ACTIVITY: Adding to the Stories within the Story

In this activity, analyze the connections between the stories Halmoni, Lily, and the tiger tell and the framing plot of the novel. Then create another story that also connects to the plot.

  • Review each story told by Halmoni, the tiger, and Lily.
  • Draw a 2-column chart. In the first column, list details from the told stories that have a parallel detail in the framing plot of the novel. For example, the staircase in Lily’s favorite tiger story told by Halmoni parallels the staircase that winds up to Halmoni’s front door. List each parallel from the novel’s plot in the second column.
  • Now make a list of plot details that have no corresponding parallel in any of the told stories, such as the muddy pudding or Sam’s fear of driving.
  • Choose a few of the details from this list. Write a brief folktale-style story incorporating your chosen plot details as symbols, images, motifs, or other representative elements. Include a tiger or some other creature as a central character. Try to emulate the style and formality of the tales told by Halmoni, the tiger, and Lily.

Share your story by posting it or reading it aloud.

Teaching Suggestion: Revisit the stories Halmoni, the tiger, and Lily tell by reading them aloud. Even a few key example sentences from the text might help students to hear the cadence of the language and recognize the style. If students have a chance to share their original stories, audience members can listen for the parallel details and discuss them in connection with the theme of The Perception and Importance of Stories. Depending on your students’ ages and abilities, it might be a good time to introduce the literary term allegory.

  • This free Allegory Resource page on SuperSummary includes a brief definition and examples from children’s and middle grade literature.

Paired Text Extension:

Read this brief version of the Korean folktale “The Tiger and the Persimmon.” (There are many other versions available online and on YouTube, each a little different.) After you read, brainstorm lists of 3-5 traits for the tiger Lily sees in the novel, 3-5 traits for the tiger (or central character) in your story, and 3-5 traits for the tiger in “The Tiger and the Persimmon.” Then, sketch on art paper an image of each tiger. Use your lists to label the three sketches with traits. For inspiration or comparison, investigate images of traditional Korean art featuring tigers.

Teaching Suggestion: Students can share their images by posting them on a bulletin board divided into three sections—the strong, bold tiger in the novel; the confused, fearful tiger in the linked folktale; and the tiger/character from their original story.
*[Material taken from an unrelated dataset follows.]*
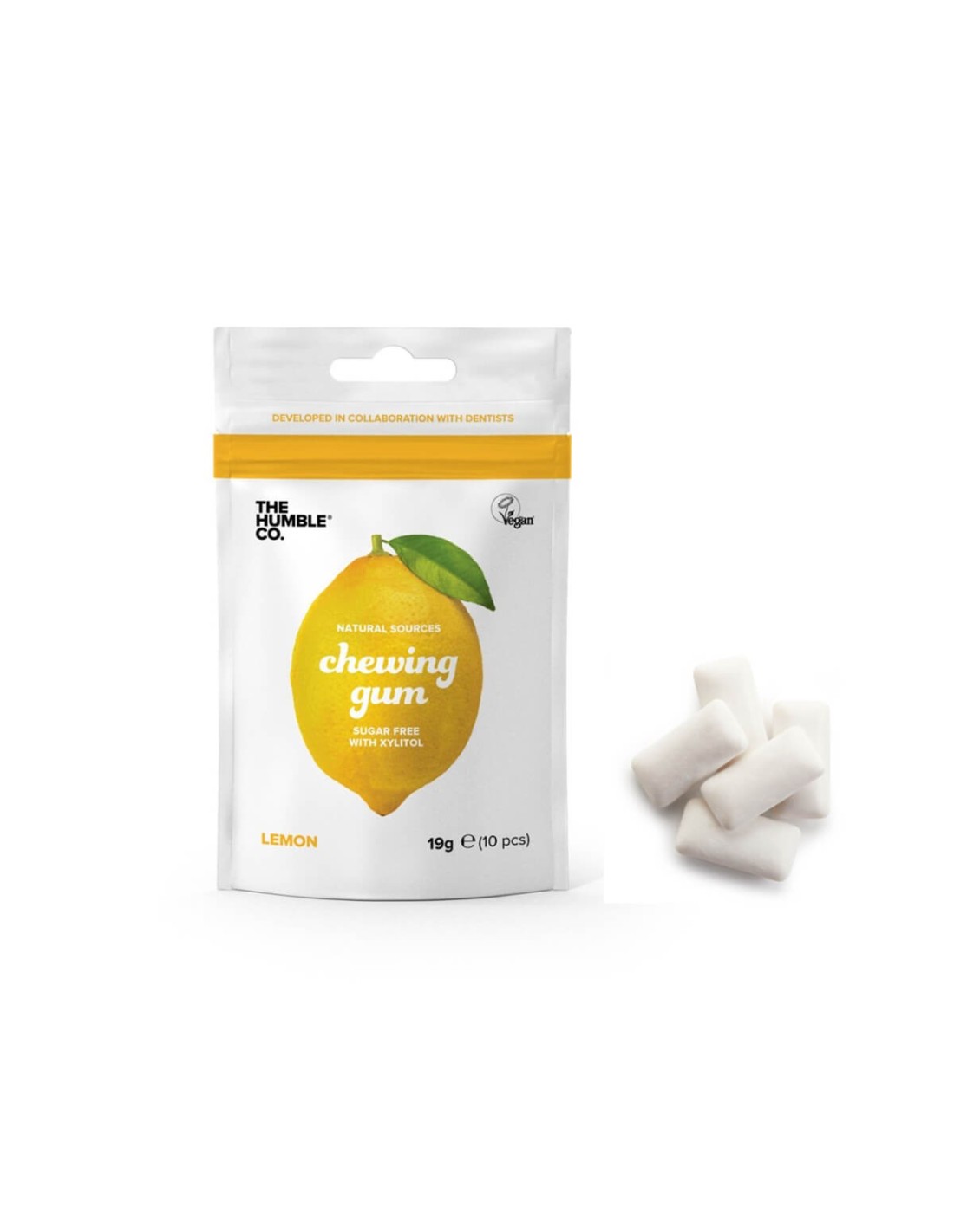 THE HUMBLE CO. NATURAL ELASTIC PASTILE WITHOUT SUGAR STRONG > They are natural elastic inserts made only based on natural ingredients and with a natural gum base. They are naturally good for teeth and breath, help in the prevention of cavities. Elaborated only with natural ingredients. Low calories. Vegan. Biodegradable packaging. Alternative to conventional elastic pellets made with plastic gum. Lemon flavor. H3> Properties h3> THE HUMBLE CO. NATURAL PASTILE NATURAL DESSIAN STRONG> DO NOT Contains: Sugar, Aspartame and Artificial Ingredients. Formulated with natural ingredients and with a natural gum base of the Sapodilla tree and natural xylitol. P> Mastigar The HUMBLE Co. Natural elastic pellet without sugar strong> Shortly after eating, or whenever necessary. P>
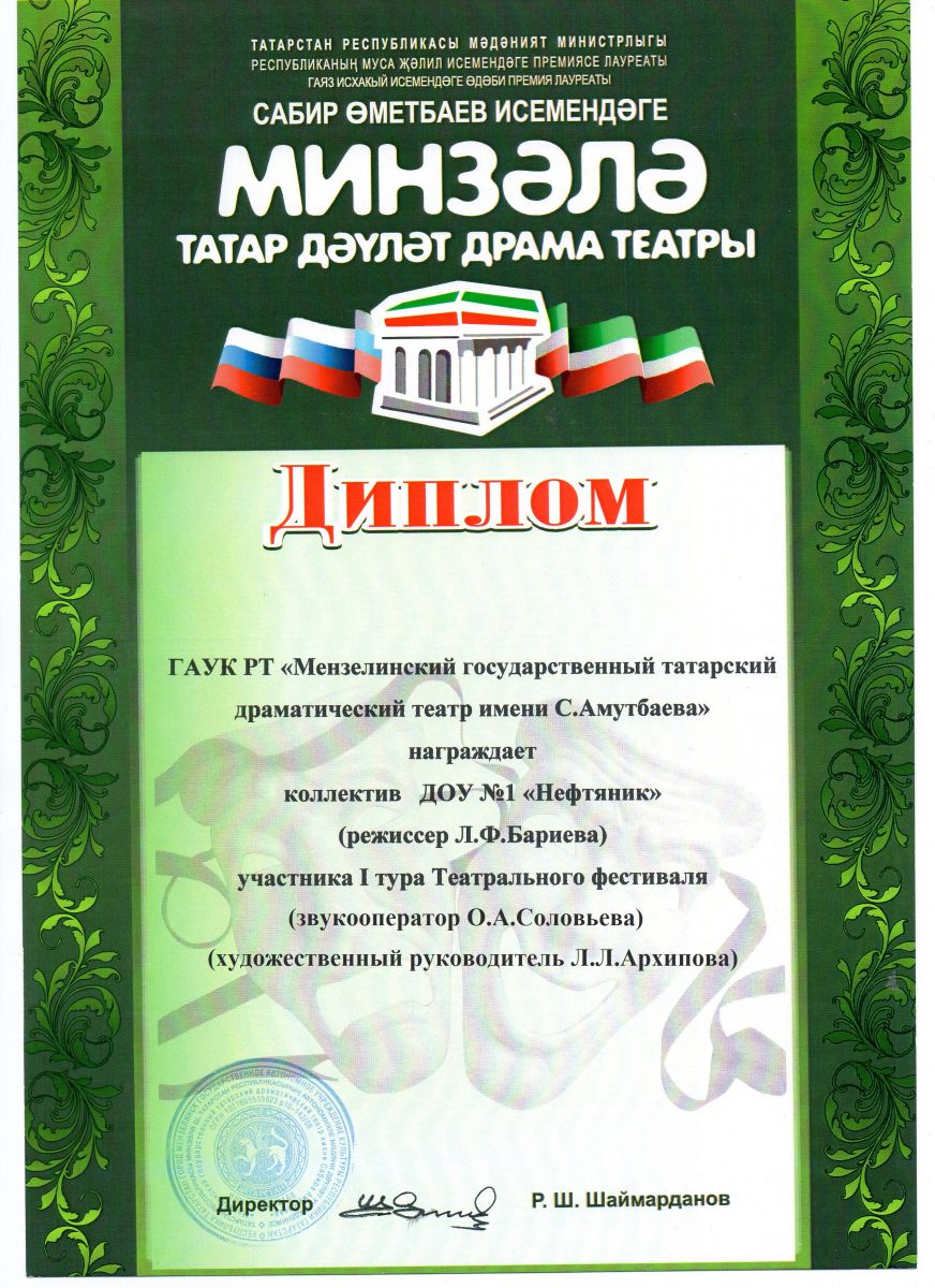 • Муниципальное бюджетное дошкольное образовательное учреждение "Детский сад общеразвивающего вида №1 "Нефтяник" Мензелинского муниципального района РТ/Татарстан Республикасы Минзәлә муниципаль районы «1нче номерлы гомүми үсеш тибындагы «Нефтче» балалар бакчасы» мәктәпкәчә белем бирү муниципаль бюджет учреждениесе

After the class observes the collections of sketches, discuss how the “Persimmon” tiger connects to the theme of Defying Established Roles.

  • Tiger Family” is an ancient hanging scroll housed at The Cleveland Museum of Art. Note the symbolic meaning of individual images in the description. What story might be told by the tigers’ expressions and postures?
  • Perceptions and Representations of the Tiger in East Asian Art” is a review by Choi Seonju that includes descriptions and analyses of Korean tiger art.